As business prospered Roberts hired Dawa Norbu Sherpa and another ex-Gurkha, Mike Cheney, to assist him, two names that “are inseparable with the story of the development of Mountain Travel,” he later said.

Mountain Travel promoted ‘expedition trekking’, a notion that Roberts never fully defined. Rusty Brennan, who operates a company called Ri Adventure Travel and knows the system well, is more explicit. Expedition trekking, he says, “is group travel, fully supported and not dependent on local resources.” It’s a style of trekking that carries “all the resources needed to complete the journey and handle any kind of weather or trail condition.” In Jimmy Roberts’ day, since there were few places to stay in the hinterland, he outfitted his trips with enough gear – tents, stove, food, utensils, and fuel – and enough support staff and porters (or pack animals) to be independent; or as Brennan puts it, with enough staff “to go the distance.”

For guides, cooks and kitchen boys, Roberts favored employing Sherpas, the indigenous residents of the Mount Everest region. “Sherpas,” he said, “give trekking agents in Nepal a most unfair advantage over their counterparts in other parts of the Himalaya.
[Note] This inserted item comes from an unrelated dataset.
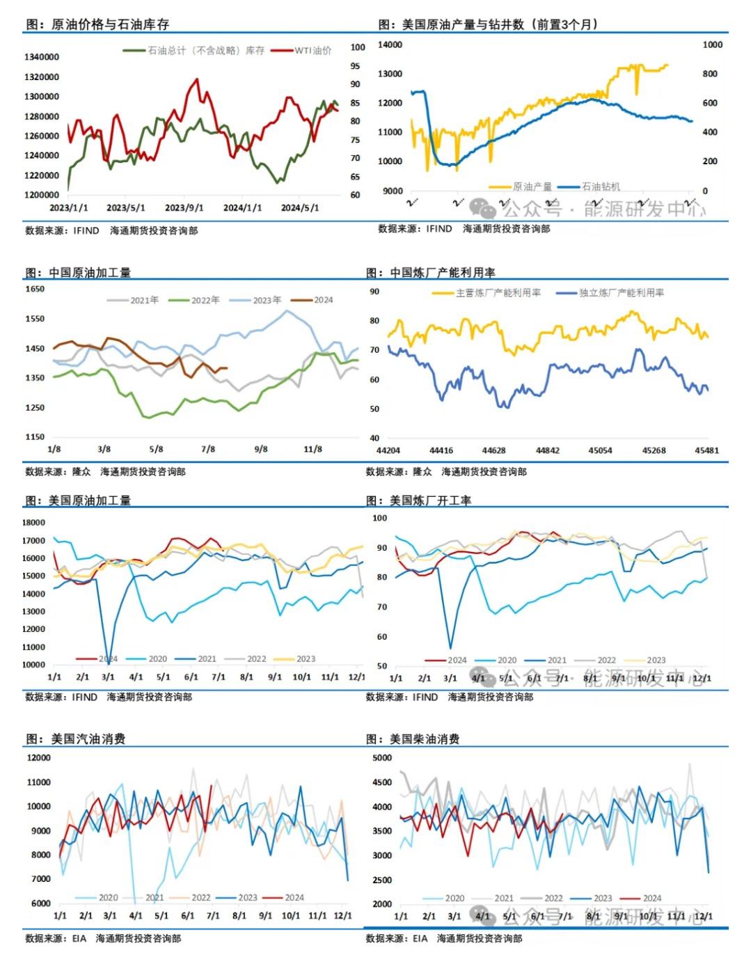 07月19日公布的最新一期EIA周度数据显示当周美国除却战略储备的商业原油库存减少374.1万桶至4.36亿桶,降幅0.85%。库欣库存减少170.8万桶。汽油库存减少557.2万桶,预期减少39.1万桶;精炼油库存减少275.3万桶,预期增加24.9万桶。美国至7月12日当周除却战略储备的商业原油库存为2024年2月9日当周以来最低。战略石油储备库存为2022年12月23日当周以来最高。美国至7月12日当周EIA汽油库存增幅录得2024年1月19日当周以来最大。EIA报告:07月19日当周美国原油出口增加22.2万桶/日至418.6万桶/日。美国至7月19日当周除却战略储备的商业原油库存为2024年2月2日当周以来最低;EIA战略石油储备库存为2022年12月23日当周以来最高;EIA汽油库存降幅录得2024年3月8日当周以来最大;EIA汽油库存降幅录得2024年3月8日当周以来最大。成品油消费端来看,成品油表需环比明显回升,各类主要油品表需走强。出行方面,主要油品汽油和航煤均有不同程度的回升;工业油品方面,馏分油表需和丙烷&丙烯表需也均有回升。整体上这是一份对油价非常友好的报告。相对于美国旺季需求表现尚可,国内原油市场表现仍较为平淡,高频数据显示国内原油加工量基本平稳较上一期变化不大,虽然国内成品油裂解差受益于原油回落出现反弹,但终端需求仍是低迷,成品油价格仍在回落,业内信心仍处于低位。不过整体来看整体消费旺季下原油市场整体供需压力不大。

I cannot hide the truth – I love them. And at times they drive me stark staring mad.”

Over time ‘Sherpa’ has taken on other meanings. Now any trip guide or porter may be called a Sherpa, whether he actually is one or not. And because Sherpas are world renowned for their skills in guiding clients to summits, it is no wonder that in some diplomatic and political circles (and based on a pun) someone who assists officials or delegates at ‘summit meetings’ and conferences is now known as a ‘Sherpa’.

The notion of ‘trekking’, itself, has also changed — it has “morphed into a travel experience that now uses resources along the travelers’ route and is no longer a self-supported near-wilderness activity,” says Bennan. Eventually, as guest houses and tea houses began to spring up on the main trails, ‘teahouse trekking’ became fashionable, alone or in a small group, with or without porters, following a popular route, and relying on trailside accommodations for meals and overnight stays. Both expedition and teahouse trekking remain immensely popular today.
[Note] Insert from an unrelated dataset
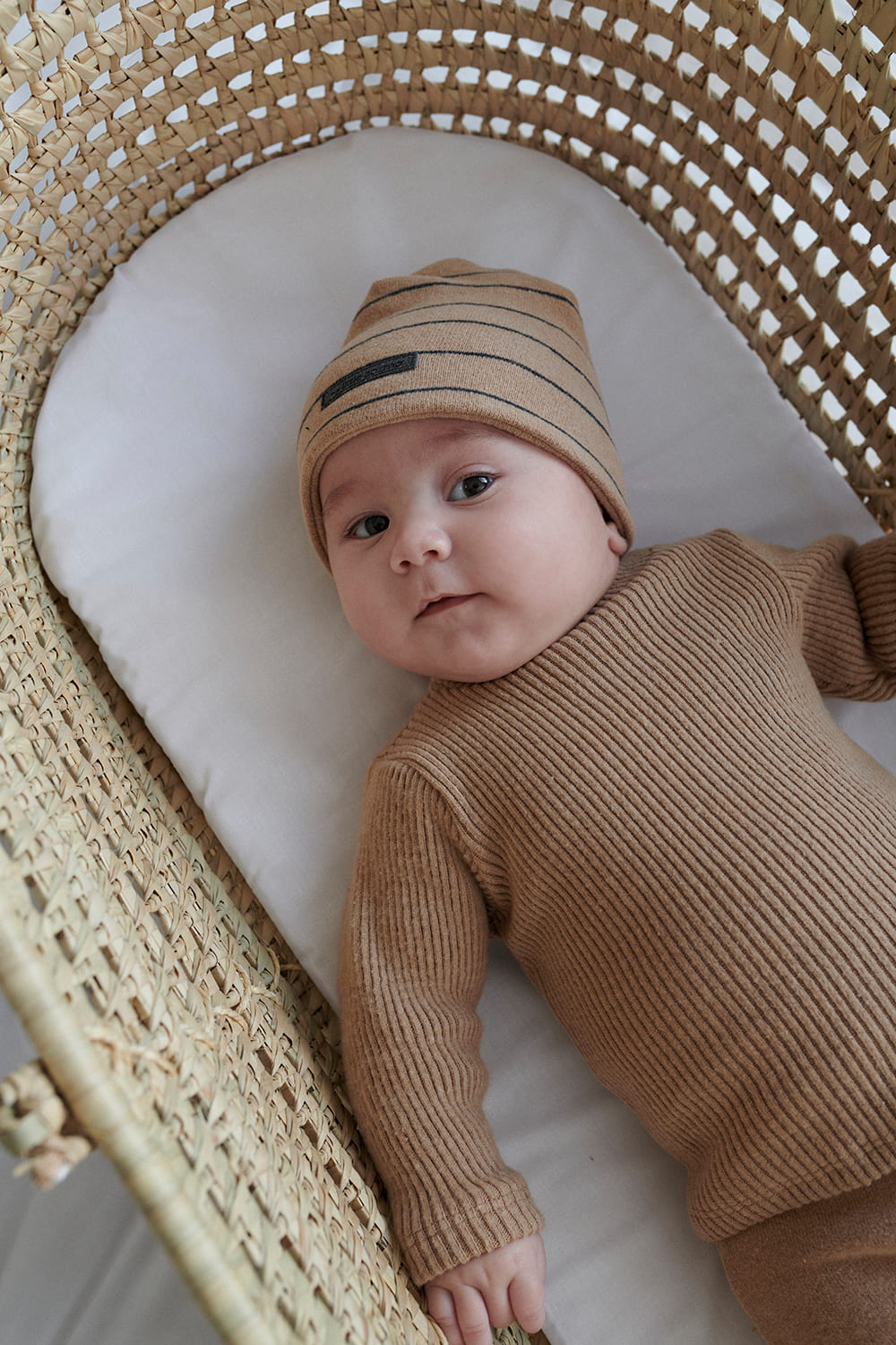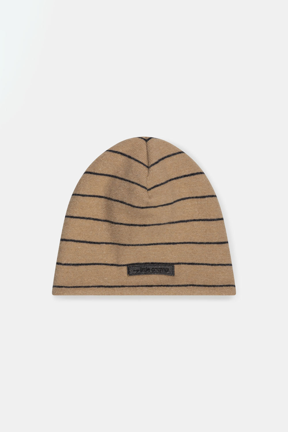 This striped baby beanie has a slouch fit, so it can be pulled down over the ears. Made of organic recycled soft stripes knit composed of 58% recycled cotton, 38% organic cotton, 4% elastane. This design is available in 2 colors, camel and dark grey.

The author is a contributing editor and frequent writer for ECS Nepal. He can be contacted at don.editor@gmail.com.

For this story he has borrowed stories, quotes and insights from many sources, including Tilman’s ‘Nepal Himalaya’ (1952), Styles’ ‘The Moated Mountain’ (1954), Izzard’s ‘An Innocent on Everest’ (1954), and Forbes’ ‘Johnny Gurkha’ (1964). On early treks (for comparative purposes) see Hooker’s ‘Himalayan Journals’ (1855), Freshfield’s ‘Round Kangchenjunga’ (1903), Snellgrove’s ‘Himalayan Pilgrimage’ (1961) and Hagen’s ‘Nepal Himalaya’ (1961). The list is by no means exhaustive.

The Jimmy Roberts/Mountain Travel story is best told in Roberts’ unpublished essay ‘How it all began’, quoted here. See also ‘Soul of a mountain man’ in ‘Action Asia’ (Oct/Nov 1999; www.actionasia.com). Dick Kelty’s role in the history of backpacking is told in ‘Backpack History – How and when did they come into being?’ online at www.fabric-and-handle.com (> Articles > Backpack History), posted September 13, 2011. For other insights on ‘trek-trekker-trekking’ the observations of Rusty Brennan (of riadventuretravel.com), Steve Bezruchka, Robin Marston and other correspondents and friends (and early trekkers) are acknowledged with thanks.

At the start of adventure trekking in 1952, Bill Tilman called Nepal “the largest inhabited country still unexplored by Europeans.” Now, after 60 years, Tilman’s “unknown Nepal” — unknown to outsiders, that is — is firmly ‘on the map’, so to speak, and there is very little of the Nepal Himalaya that has not been trekked by Nepalese and foreigners alike.